So, the basic ANOVA is not too bad to do in R with wide-format data. Let’s take a look at contrasts in both packages.
Custom Contrasts in SPSS
There are two relatively straightforward ways to do custom contrasts in SPSS: as t-tests and as part of the GLM. First, the contrasts. By default it provides polynomials so let’s do something else. Let’s try two: (-2 1 1) to compare the first viewing with the mean of the later viewings (that is, is it only funny once?), and then (0 1 -1) to compare the second and third viewings. To do those as t-test in SPSS, we just compute the relevant variables and test whether or not those equal zero:
COMPUTE Day1vs23 = -2*Day1 + Day2 + Day3.
COMPUTE Day2vs3 = Day2 - Day3.
EXECUTE.
T-TEST
/VAR Day1vs23 Day2vs3 /TESTVAL 0.
Why on earth SPSS requires the EXECUTE statement is beyond me, but I’ve complained about that before so I’ll leave it alone for now.

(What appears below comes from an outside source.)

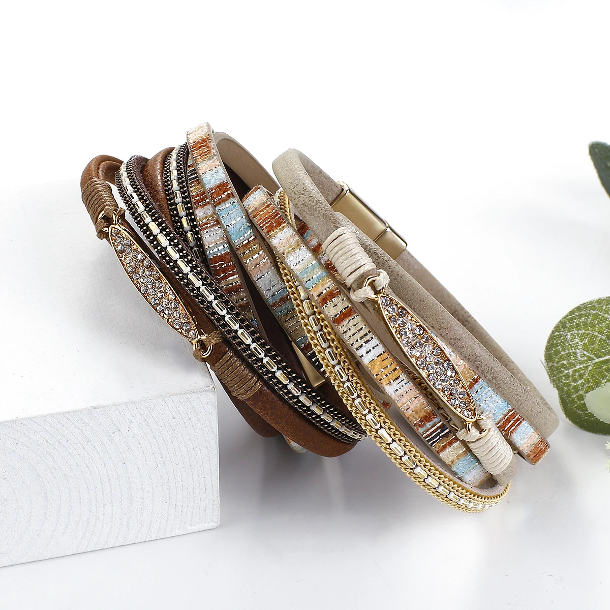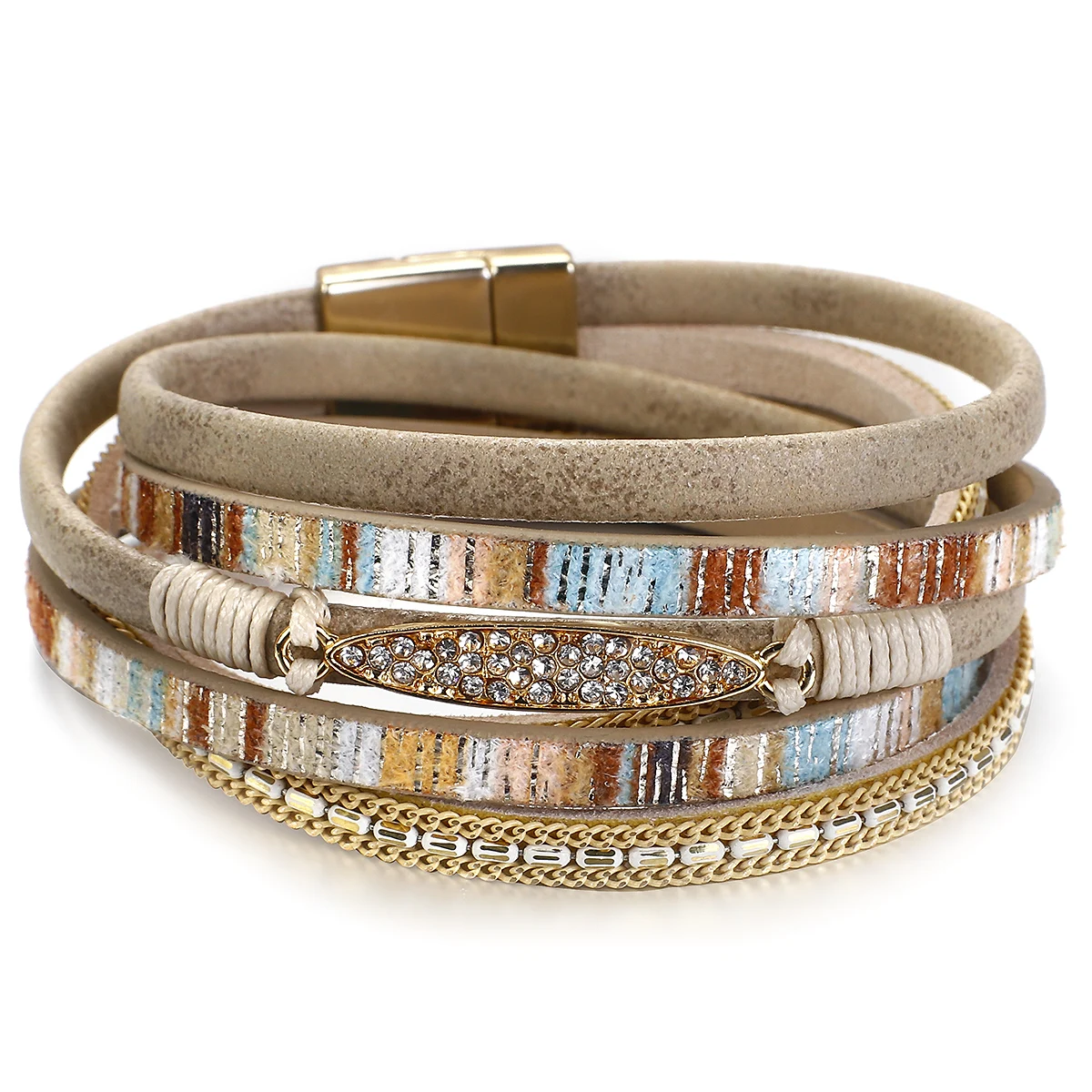 Amorcome богемский Плетеный кожаный шнур браслеты винтажный двойной обернутый магнит застежка женский ручной ювелирный женский браслет подарок

Here’s the output:
Apparently, even for the kids, the cartoon is getting less funny over repeated viewings; even the second and third viewing are different. Anyway, that gets the job done. It is also possible, however, to do the contrasts right within the GLM itself. To do that, you need to tell SPSS to run contrasts in the WSFACTOR subcommand. It looks like this:
GLM Day1 TO Day3
/WSFACTOR Trial 3 SPECIAL(1 1 1
-2 1 1
0 1 -1).
You see the “-2 1 1” vector and the “0 1 -1” vectors there in the command. Why the “1 1 1” vector is required is a mystery to me, since you’re not allowed to put anything else in there. Bizarre. Anyway, the first part of the output is the same as the previous GLM command, but the contrast output is different:
Note the p-values are the same as the previous output, and those Fs are the square of the ts from the previous output. SPSS will also supply the partial eta squared values for the contrasts if you ask it to with at “/PRINT ETASQ” command. Again, not my preferred measure of effect size.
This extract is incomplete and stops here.